> _Task brief_: Give back every line of the material exactly. Skip the pictures.

━━ Exercise data ━━

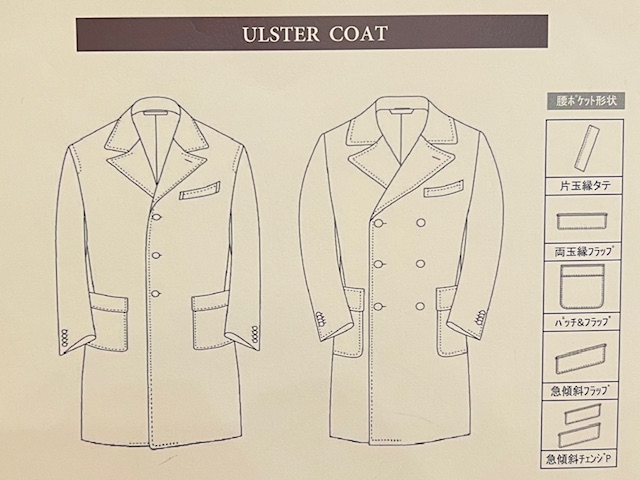 アルスターコートと言えばダブル仕様が一般的ですが、シングルでのお仕立ても可能です。
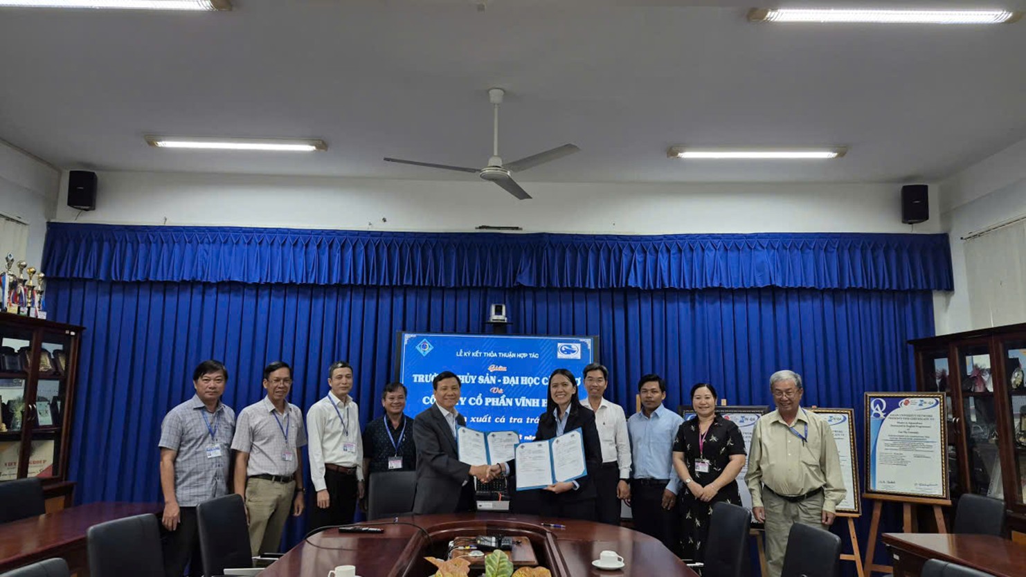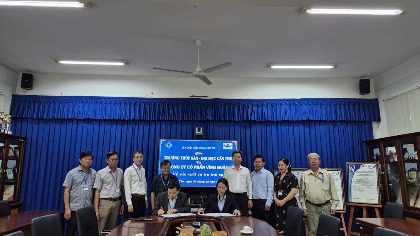 Chiều ngày 30/12/2025 Trường Thủy sản – Trường Đại học Cần Thơ đã có buổi làm việc và ký kết thoản thuận hợp tác với Công ty Cổ phần Vĩnh Hoàn về “Sản xuất giống cá tra trái vụ. Về phía Trường Thủy sản, GS.TS. Vũ Ngọc Út, Hiệu Trưởng cùng các thành cùng với Ban Giám hiệu Trường Thủy sản và lãnh đạo Khoa Công nghệ Nuôi trồng thủy sản, Trường Thủy sản. Về phía Công ty CP Vĩnh Hoàn có Bà Hồ Thanh Huệ, Giám đốc Sản xuất; Ông Nguyễn Quang Vinh, Phó Giám đốc sản xuất và lãnh đạo vùng nuôi tham dự.
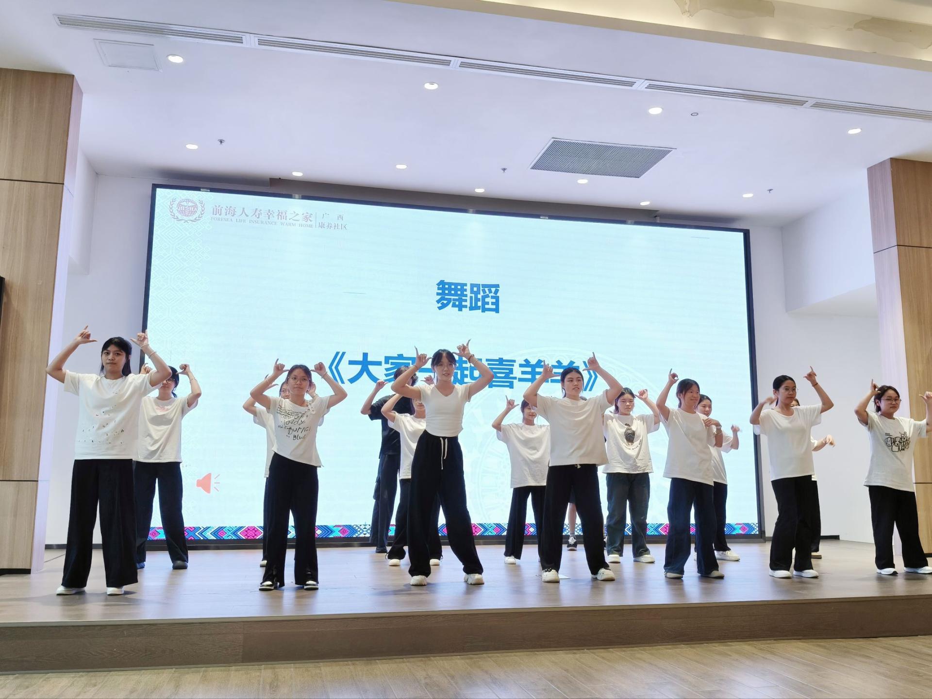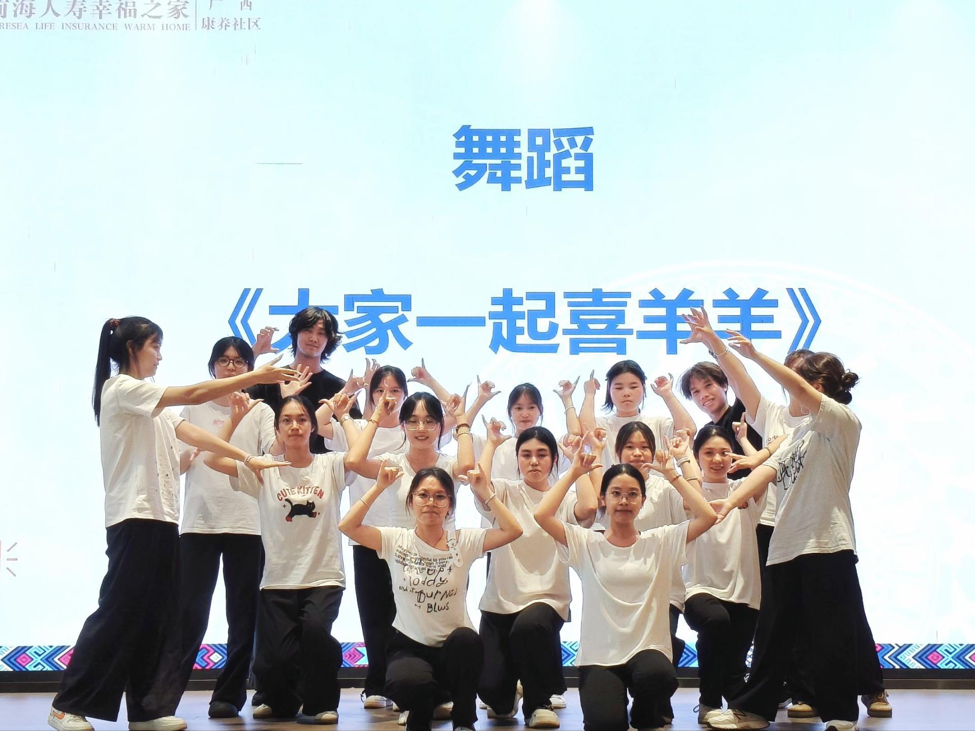 活动当天,志愿者们分为场务服务组和节目表演组,各司其职,紧密配合。 场务服务组的同学们提前抵达活动现场,精心布置场地,悬挂节日装饰,营造出浓厚温馨的节日氛围。活动中,他们积极引导老人有序入场、就座,耐心协助行动不便的长者,并细致周到地做好活动过程中的各项后勤保障工作,确保了庆典活动的顺畅进行。 节目表演组的同学们则充分发挥艺术与设计学院的专业特长,为幸福之家的长者们带来了一场精彩纷呈舞蹈表演节目 《大家一起喜羊羊》。精彩的表演不仅传递了节日的喜悦,更表达了同学们对长者们最真挚的祝福。

━━━

> _Task result_:
 アルスターコートと言えばダブル仕様が一般的ですが、シングルでのお仕立ても可能です。
 Chiều ngày 30/12/2025 Trường Thủy sản – Trường Đại học Cần Thơ đã có buổi làm việc và ký kết thoản thuận hợp tác với Công ty Cổ phần Vĩnh Hoàn về “Sản xuất giống cá tra trái vụ. Về phía Trường Thủy sản, GS.TS. Vũ Ngọc Út, Hiệu Trưởng cùng các thành cùng với Ban Giám hiệu Trường Thủy sản và lãnh đạo Khoa Công nghệ Nuôi trồng thủy sản, Trường Thủy sản. Về phía Công ty CP Vĩnh Hoàn có Bà Hồ Thanh Huệ, Giám đốc Sản xuất; Ông Nguyễn Quang Vinh, Phó Giám đốc sản xuất và lãnh đạo vùng nuôi tham dự.
 活动当天,志愿者们分为场务服务组和节目表演组,各司其职,紧密配合。 场务服务组的同学们提前抵达活动现场,精心布置场地,悬挂节日装饰,营造出浓厚温馨的节日氛围。活动中,他们积极引导老人有序入场、就座,耐心协助行动不便的长者,并细致周到地做好活动过程中的各项后勤保障工作,确保了庆典活动的顺畅进行。 节目表演组的同学们则充分发挥艺术与设计学院的专业特长,为幸福之家的长者们带来了一场精彩纷呈舞蹈表演节目 《大家一起喜羊羊》。精彩的表演不仅传递了节日的喜悦,更表达了同学们对长者们最真挚的祝福。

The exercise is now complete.